#ifndef NINE_SLICING
#define NINE_SLICING

// Returns one of two float values depending on the value of the provided condition variable. This
// is provided as an alternative to if/else branching, which is inefficient on GPUs.
// condition: The condition to evaluate.
// ifTrue: Returned if cond is true.
// ifFalse: Returned if cond is false.
float _ifElsef(bool condition, float ifTrue, float ifFalse) {
  return (ifTrue * (condition > 0)) + (ifFalse * (condition == 0));
}

// A struct containing the texture coordinate information of a nine-sliced fragment.
struct nineSliceResult {
  // A UV coordinates for a texture.
  float2 uv;

  // A partial derivative of UV coordinates respective to the screen-space x-coordinate.
  // The derivative represents the rate of changes between texture coordinates in two adjacent
  // fragments, and is used for passing into the `tex2D` function for selecting the the correct
  // mipmap level of the texture.
  float2 ddx;

  // A partial derivative of UV coordinates respective to the screen-space y-coordinate.
  // The derivative represents the rate of changes between texture coordinates in two adjacent
  // fragments, and is used for passing into the `tex2D` function for selecting the the correct
  // mipmap level of the texture.
  float2 ddy;
};

// Nine-slices the UV coordinates of a fragment within the specified bounds. Nine-slicing is used to
// tile the applied texture in the following manner:
//
//             +            +
//     (0, 1)  |            |  (1, 1)
//        +----------------------+
//        |    |   tiled    |    |
//        |    |     x      |    |    upper
//     +----------------------------+ bound
//        | t  |            | t  |
//        | i  |   tiled    | i  |
//        | l y|   x & y    | l y|
//        | e  |            | e  |
//        | d  |            | d  |
//     +----------------------------+ lower
//        |    |   tiled    |    |    bound
//        |    |     x      |    |
//        +----------------------+
//     (0, 0)  |            |  (1, 0)
//             +            +
//           left         right
//           bound        bound
//
// It offers functionality similar to Unity's inbuilt nine-slicing for sprites:
// https://docs.unity3d.com/Manual/9SliceSprites.html.
// pos: The (x, y) coordinates of the fragment being textured, relative to the origin of the face.
// faceSize: The (width, height) of the face being nine-sliced.
// texSize: The (width, height) of the base texture.
// leftBound: The position of the left nine-slicing boundary normalized to the width of the texture
//     (in the range 0 to 1 inclusive).
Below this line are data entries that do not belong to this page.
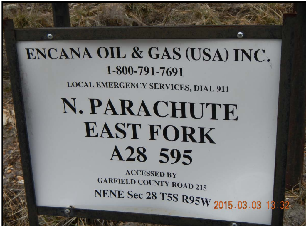
Sign at the entrance.
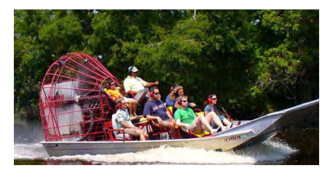
The Swamp & Wetlands
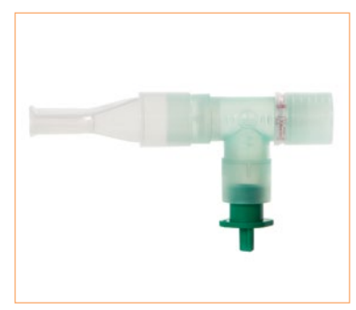
Oxygen and Aerosol Therapy • Respiratory Physiotherapy
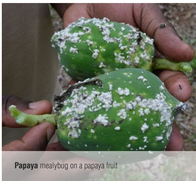
Papaya mealybug on a papaya fruit

Papaya mealybug, Paraccous marginatus , is native to Central America but has spread rapidly in invaded countries. It was detected in Uganda in 2021 where it has the potential to affect the production and quality of papaya and other host crops.
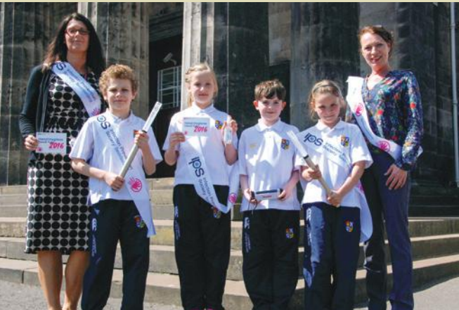
The month of May saw children in the Junior Years backing a campaign which aimed to get people spreading a message, rather than bugs.

Pupils in L4 took part in the Infection Prevention Society’s (IPS) Hand Hygiene Torch Tour 2016, an event in which
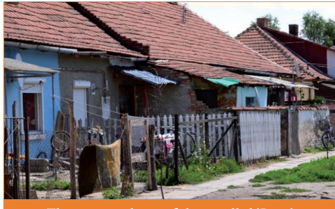
The segregated area of the so called 'Paris'

The project of the Municipality of the City of Békés entitled 'Together for Integration in Békés' is closely re-
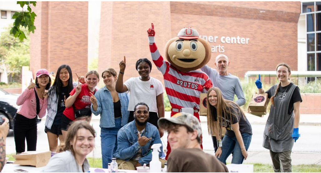
Ohio State students and staff pose with Brutus Buckeye at the Wex Open House, 2024
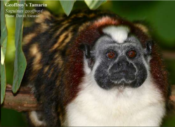
Geoffroy's Tamarin Saguinus geoffroyi
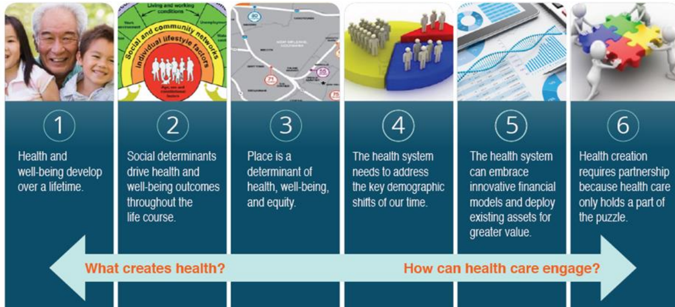
Figure 1: Foundational Concepts
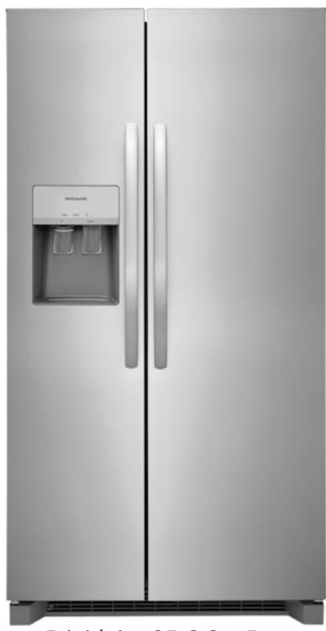
Frigidaire 25.6 Cu. Ft. 36" Standard Depth Side by Side Refrigerator Stainless Steel
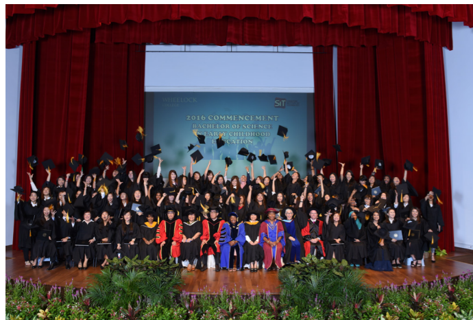
Wheelock College's new graduates are all ready to make a difference in early childhood education.

New cohorts of graduates celebrate their success with eyes firmly on the future and bursting with determination to make their mark in fields ranging from art to early childhood education to engineering.
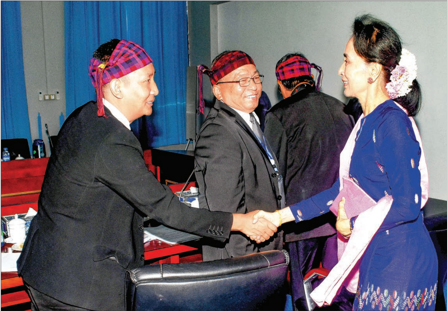
State Counsellor Daw Aung San Suu Kyi welcomes the delegation of Kachin Baptist Convention (KBC).
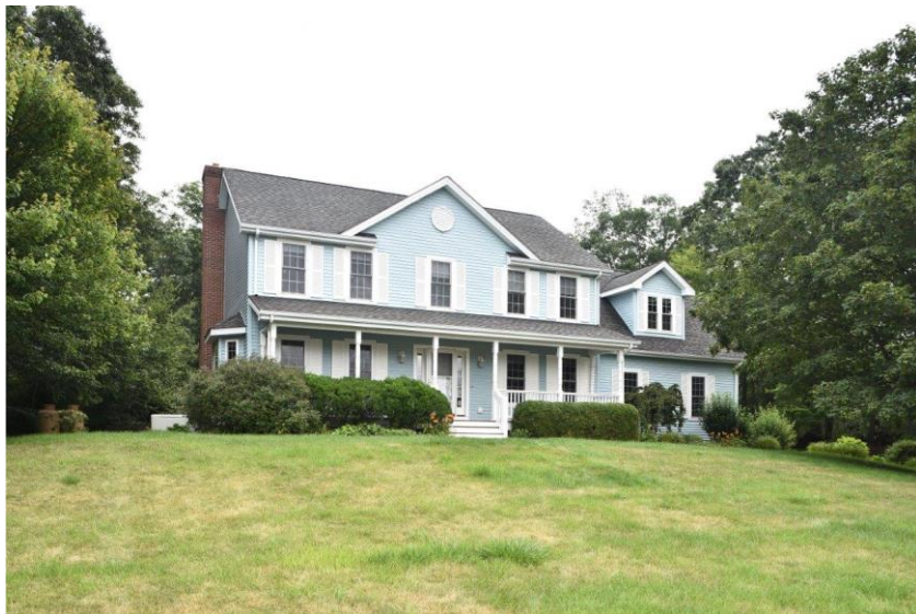
East Lyme, CT

Tiling on the U axis only occurs to the right of leftBound.
// rightBound: The position of the right nine-slicing boundary normalized to the width of the
//     texture (in the range 0 to 1 inclusive). Tiling on the U axis only occurs to the left of
//     rightBound.
// lowerBound: The position of the lower nine-slicing boundary normalized to the height of the
//     texture (in the range 0 to 1 inclusive). Tiling on the V axis only occurs above lowerBound.
// upperBound: The position of the upper nine-slicing boundary normalized to the height of the
//     texture (in the range 0 to 1 inclusive). Tiling on the V axis only occurs below upperBound.
nineSliceResult nineSlice(
    float2 pos, float2 faceSize, float2 texSize,
    float leftBound, float rightBound, float lowerBound, float upperBound) {
  // Normalize relative to texture size.
  float2 normalFaceSize = faceSize / texSize;
  float2 normalPos = pos / texSize;

  // Calculate the size of the center fragment of the face.
  float centerFaceSizeX = normalFaceSize.x - leftBound - (1 - rightBound);
  float centerFaceSizeY = normalFaceSize.y - lowerBound - (1 - upperBound);

  // Calculate the size of the center fragment of each tiling;
  float centerTexSizeX = rightBound - leftBound;
  float centerTexSizeY = upperBound - lowerBound;

  // Calculate the number of tilings in the center fragment of the face.
  int tileNumX = max(round(centerFaceSizeX / centerTexSizeX), 1);
  int tileNumY = max(round(centerFaceSizeY / centerTexSizeY), 1);

  // Calculate the continuous UV used for calculating the derivative of the UV.
  float2 continuousUV = float2(
      pos.x / faceSize.x * (centerTexSizeX * tileNumX + leftBound + (1 - rightBound)),
      pos.y / faceSize.y * (centerTexSizeY * tileNumY + lowerBound + (1 - upperBound)));

  // Calculate bounding conditionals.
  bool isLeftBound = normalPos.x < leftBound;
  bool isRightBound = normalPos.x > normalFaceSize.x - (1 - rightBound);
  bool isLowerBound = normalPos.y < lowerBound;
  bool isUpperBound = normalPos.y > normalFaceSize.y - (1 - upperBound);

  // Calculate UV coordinates within each bound.
  float leftBoundU = normalPos.x;
  float rightBoundU = 1 - (normalFaceSize.x - normalPos.x);
  float centerBoundU = lerp(leftBound, rightBound,
      (normalPos.x - leftBound) * tileNumX / centerFaceSizeX % 1);

  float lowerBoundV = normalPos.y;
  float upperBoundV = 1 - (normalFaceSize.y - normalPos.y);
  float centerBoundV = lerp(lowerBound, upperBound,
      (normalPos.y - lowerBound) * tileNumY / centerFaceSizeY % 1);

  // Construct final UV coordinates based on the fragment's location in the face.
  float u = _ifElsef(isLeftBound,
    leftBoundU,
  _ifElsef(isRightBound,
    rightBoundU,
  centerBoundU));

  float v = _ifElsef(isLowerBound,
    lowerBoundV,
  _ifElsef(isUpperBound,
    upperBoundV,
  centerBoundV));

  // Construct the nine-slicing result struct.
  nineSliceResult result;
  result.uv = float2(u, v);
  result.ddx = ddx(continuousUV);
  result.ddy = ddy(continuousUV);
  return result;
}

#endif